In two recent posts I suggested that we might think of the Creator as sort of like a “Traffic Engineer” who made a system that works for our maximum safety and minimum disasters. I qualified my remarks by admitting that God’s system doesn’t rule out traffic jams and accidents caused by freeway blowouts or wrecks at the hands of reckless drivers. You know I’m using this as a metaphor to describe a God who exercised his sovereign prerogative to invent us with the frightening freedom to choose. Right?
But to take it a little further, let me propose that sometimes he even sovereignly creates traffic jams ahead of us for any number of reasons. Maybe he wants to put us into an inconvenient delay that requires us to develop that dreaded quality called “patience.” (Personally, I’d rather learn it another way.) He might decide to “jam us up” so that we’ll be somewhere we wouldn’t otherwise have been in order to help someone else. I have a friend who got a flat on the highway and led the tow truck driver to Jesus!
I have no doubt that God plans certain gridlocks in order to protect us from accidents ahead or to transport us to certain divine appointments that we didn’t have on our calendars. But I am not at all convinced that he controls everything in his world in that same manner. Some things he “engineers” beforehand (as the Traffic Engineer) and at other times he does his after-the-fact providential thing where he “works in all things for the good of those who love him.”
But that’s not the same as saying he planned everything ahead of time. After we’ve been delayed by roadwork or were rear-ended by another car or experience engine trouble, he may – or may not – step in with a “Plan B” of sorts. His Plan B will at the very least tide us over until Plan Z when he takes us home.
I’m saying he’s in control but he doesn’t control everything (at least in the “particular” sense of it). Yes, God is omnipotent and can do anything that he chooses to do, but when he was deciding between options he chose a system in which his beloveds would have their own choice to love him in return or not. He’s in charge of everything, but that doesn’t necessarily mean he always gets his way (at least not in the short run). If he did always get his way then he wouldn’t have taught us to pray, “May your will be done on earth as it is in heaven.”
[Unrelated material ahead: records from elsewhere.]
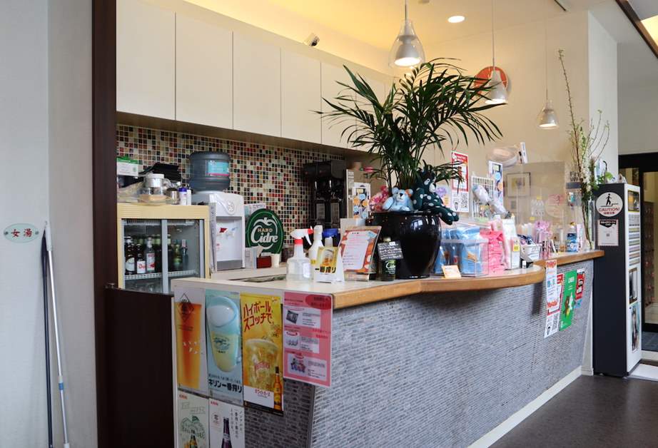 Benches and tables are placed behind the front desk. You can have a soft drink or beer and rest your body after taking a bath.
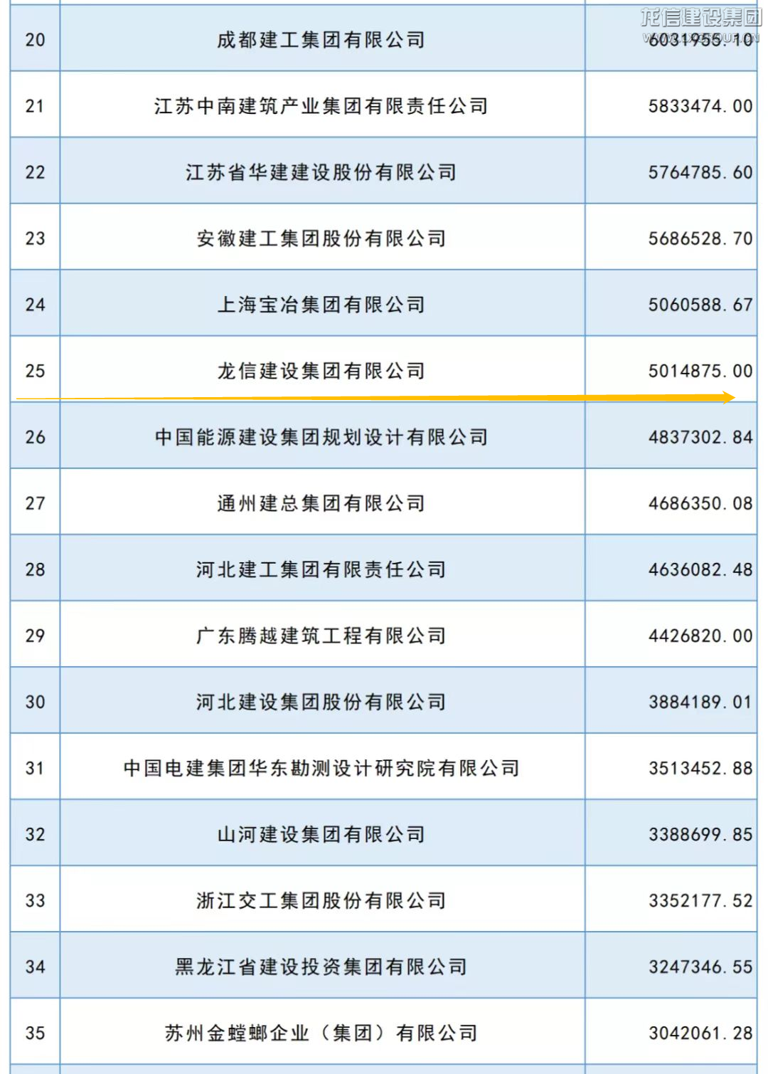龍信集團榮列2021年“中國承包商80強”第25位
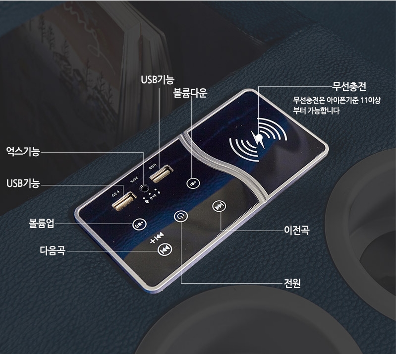 팔걸이 쪽에 있는 컵받침기능으로
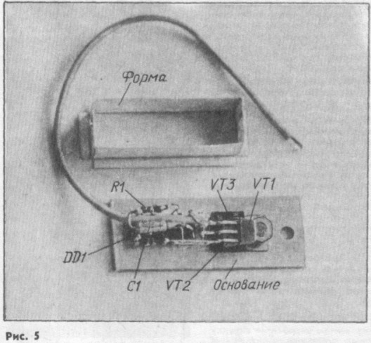 Вполне достаточная яркость свечения ламп выгодно сочетается с более мягким режимом накала из-за падения напряжения на коммутаторе. Зависимость времени зарядки конденсатора С1 от напряжения источника питания менее заметна, чем от сопротивления нагрузки. Так, при 1=1,6 Ом и изменении Uпит от 14 до 5 В время коммутации нагрузки увеличивается менее чем на 10 %. Примерно на столько же уменьшается частота коммутации.
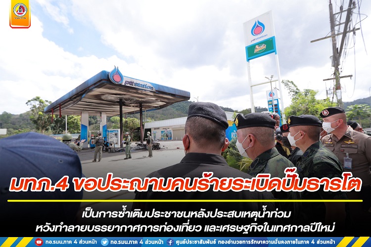 แม่ทัพภาคที่ 4 หลังรับฟังสรุปสถานการณ์ และลงพื้นที่เกิดเหตุ กล่าวว่า “ไม่รู้จะประณามคำไหนกับผู้ก่อเหตุให้สมกับการกระทำที่เป็นการซ้ำเติมพี่น้องประชาชน ก่อนหน้านี้ก็ได้รับผลกระทบจากภัยพิบัติอุทกภัยพึ่งจะฟื้นคืนมาได้นี่กลับต้องมาพบกับการกระทำที่สร้างความหวาดหวั่นให้เกิดขึ้นในพื้นที่อีก ถือว่าผู้ก่อเหตุรุนแรงฮึกเหิมมาก ในช่วงเวลาที่ทุกคนจะสร้างความสุขในเวลาของเทศกาลปีใหม่ การเดินทางไปมาที่ถือว่าเป็นเส้นหลักไปอำเภอเบตงซึ่งเป็นแหล่งท่องเที่ยวสำคัญของจังหวัดยะลา และก่อเหตุในแหล่งเศรษฐกิจเขตเมือง ทำให้ความเชื่อมั่นของพี่น้องประชาชนลดลง ความตั้งใจในการท่องเที่ยวก็อาจจะหยุดชะงักลง เศรษฐกิจที่กำลังจะดีก็อาจก็พลอยชะงักลงไปด้วย ขอความร่วมมือไปยังกำนันผู้ใหญ่บ้าน อส. ชคต. ตลอดจนเจ้าหน้าที่รับผิดชอบ ช่วยกันดูแลพื้นที่คุมเข้มไม่ให้มีการก่อเหตุซ้ำ ครั้งนี้ถือว่าโชคดีที่ไม่มีผู้ได้รับบาดเจ็บหรือเสียชีวิต แต่ถ้าหากทุกคนประมาทอีกครั้ง ไม่วายจะมีคนเจ็บและสูญเสียตามขึ้นมา ความเสียหายครั้งนี้แม้ไม่เกิดกับเจ้าหน้าที่รัฐโดยตรงแต่ก็เกี่ยวกับประชาชนโดยตรงเพราะเป็นสิ่งอำนวยความสะดวก แหล่งสาธารณูปโภคของพี่น้องประชาชนโดยส่วนรวม ขอเป็นกำลังใจให้ประชาชนในพื้นที่พร้อมผู้ประกอบการด้วย สิ่งที่เกิดขึ้นแล้ว จะไม่เกิดขึ้นอีกถ้าทุกคนช่วยกันฝากไปยังพี่น้องประชาชนในพื้นที่ หากพบเห็นสิ่งต้องสงสัยหรือบุคคลแปลกหน้าเข้ามาในพื้นที่แจ้ง หน่วยเฉพาะกิจจังหวัด หน่วยเฉพาะกิจในพื้นที่ หรือหมายเลขโทรศัพท์แม่ทัพภาคที่ 4 โดยตรง 061-1732999 ได้ตลอด 24 ชั่วโมง”
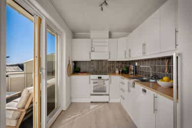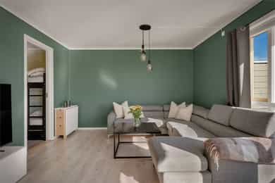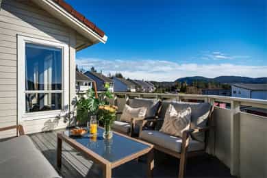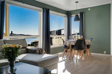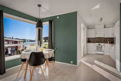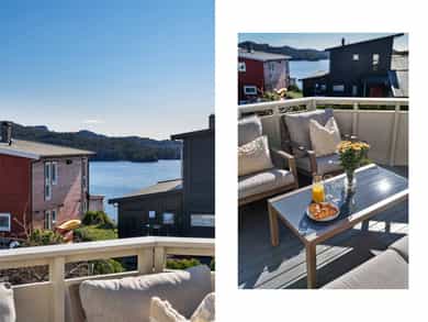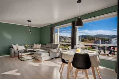 Velkommen til Sagstadvika 7F! Boligen har en fin beliggenhet i et rolig og barnevennlig område i Nordvik. Her bor man i naturskjønne omgivelser samtidig som at man har kort vei til det meste man skulle trenge i hverdagen! Fra stuevinduene har man fantastisk utsikt mot Lysefjorden og Lysøya. På Lysøya kan du oppleve Ole Bull sin eventyrlige villa. Fra boligen er det kort kjøreavstand til Kirkevoll skole som går fra 1-10 klasse, og Lysekloster barnehage ligger bare 6 minutters kjøring unna. Det er ca. 7 minutters kjøring til nærmeste dagligvare (Coop Extra, Kiwi og Bunnpris). Ønsker man et mer utvidet servicetilbud, ligger Lagunen Storsenter en kort kjøretur unna, og kan tilby det meste man skulle trenge i hverdagen. Lagunen er nylig blitt bygget ut og har over 160 virksomheter, hvorav 130 butikker, serveringssteder, kino og øvrige service- og tjenestetilbud. Her finner man også buss- og bybaneholdeplass. Bybanen tar deg raskt inn til sentrumskjernen eller ut til Flesland, og bussene her har avganger til de fleste stedene rundt om i Bergen. Det er gode bussforbindelser i området, og nærmeste busstopp ligger bare 3 minutters gange unna. Her går linje 62. Det sosiale med nabolaget har vært høyt verdsatt av selger. Det finnes et lokalt vel-hus (Gamle Nordvik skole) der det arrangeres jevnlig arrangementer for store og små. I forbindelse med jul og andre høytider er det ofte satt opp kostnadsfrie arrangementer til glede for lokalsamfunnet. Strikkekafé for den strikkeglade. En kort prat med selger: Hva kommer du til å savne med boligen og området? - Vi kommer til å savne utsikten, turområder og det gode nabolaget. Beskriv naboene dine og nabolaget ditt: - Det er et veldig inkluderende og fint nabolag. Her bor det folk i alle aldersgrupper. Vi har ett aktivitetshus hvor det blant annet blir arrangert både fritidsklubb for barna, strikkekafé og nabokafé. Fortell litt om nærmiljøet generelt: - Det er kort vei ned til sjøen, opp på fjellet og inn i skogen fra leiligheten. Det er mulighet for å leie båtplass nede ved kaien når det er ledige plasser. - Vi har en fin lekeplass rett nedenfor leiligheten. Rett over veien er det en flott fotballbane med kunstgress og der er det også en ekstra lekeplass. - Bussholdeplassen er også veldig nære, ca. 2 min. å gå. - Barne- og ungdomsskole samt barnehage ligger rett over fjellet, ca. 7 min. å kjøre. - Rett ved skolen ligger det både Kiwi, Extra og Bunnpris. - Lagunen Storsenter ligger ca. 17 min. å kjøre. Hva er dine favoritt-turer i nærområdet? - Det er veldig fine turstier innover skogen og opp på fjellet. Her kan en velge om en vil følge sti eller om en vil gå litt mer i terreng.
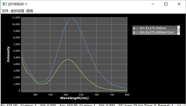 右圖黃線為被測樣品熒光原始數(shù)據(jù),藍線為被測樣品校正后的數(shù)據(jù)。將兩個光譜做對比,發(fā)現(xiàn)校正后的光譜峰值紅移的10nm,也就是說, 未經(jīng)校正的原始數(shù)據(jù)將真實的光譜藍移了10nm。

I’m aware that what I’m proposing does not exactly reflect the typical evangelical party line that goes something like: “Have enough faith, pray the right way, and live obediently, and God makes everything turn out great for you.” But stick with me and see if what I’m saying isn’t biblical and make more sense of the “traffic jams,” wrecks, and accidents we have on this side of heaven.
Jesus taught that God knows every sparrow’s life span and has our hairs all counted, but he didn’t go so far as to say that he extends the lives of all birds or gives all bald men more hair!
I’m not saying that he couldn’t do those things if he wanted to, but that he usually doesn’t. If a circumstance presented itself that “required” such an intervention, I suppose he would do it, and not work up a sweat in the process. But such interventions on his part seem less common than not.
He’s in control, he has control, but he doesn’t exert total control in every circumstance. The ultimate outcome of his free will experiment with humans will bring him the glory he deserves. In the meantime (and believe me, some of these times can be pretty “mean”), he doesn’t always intervene to prevent a disaster or even fix one once it happens.
In other words, he doesn’t step in to avert every tragedy on our journey or always providentially create difficulty in order to produce the best outcome. Sometimes (please note my tedious use of the words “always” and “sometimes”) we experience his providence as an intervention after-the-fact. The damage has been done. He didn’t will it to happen and he didn’t plan it to happen, but once it has happened, he can transform it into something good. He can sweep up the broken pieces from our wrecks and accidents and create something better than it was before.
Of course, the final destination of our road trip is being with him in his home state where there are no traffic jams, wrecks, or accidents. We might or might not see the results of his providential genius while still on the road, but no doubt we will enjoy it when we arrive home.
I’m saying that God has more than one way to “work all things together for good.” To return to my traffic jam metaphor, sometimes he does it by wise engineering of the traffic patterns on the front side. Other times he steps into the fray to prevent a tragic accident. And yet there are many other times he might not step in till after the crash and does whatever he can to contrive something “good” out of a bad situation.
As I indicated, he might not step in at all (at least not that we can see) until he welcomes us into the Better Place – the Place devoid of all traffic jams and freeway fatalities. In other words, the “good” he concocts is often not fully worked out while we’re still on the road. In order to see the vast majority of the good he’s capable of concocting out of the bad, we’ll have to wait until we arrive at our final destination, that other Place that he’s preparing us for and preparing for us.
I know this is not the most conventional way of looking at God’s involvement in our daily lives. What are your thoughts?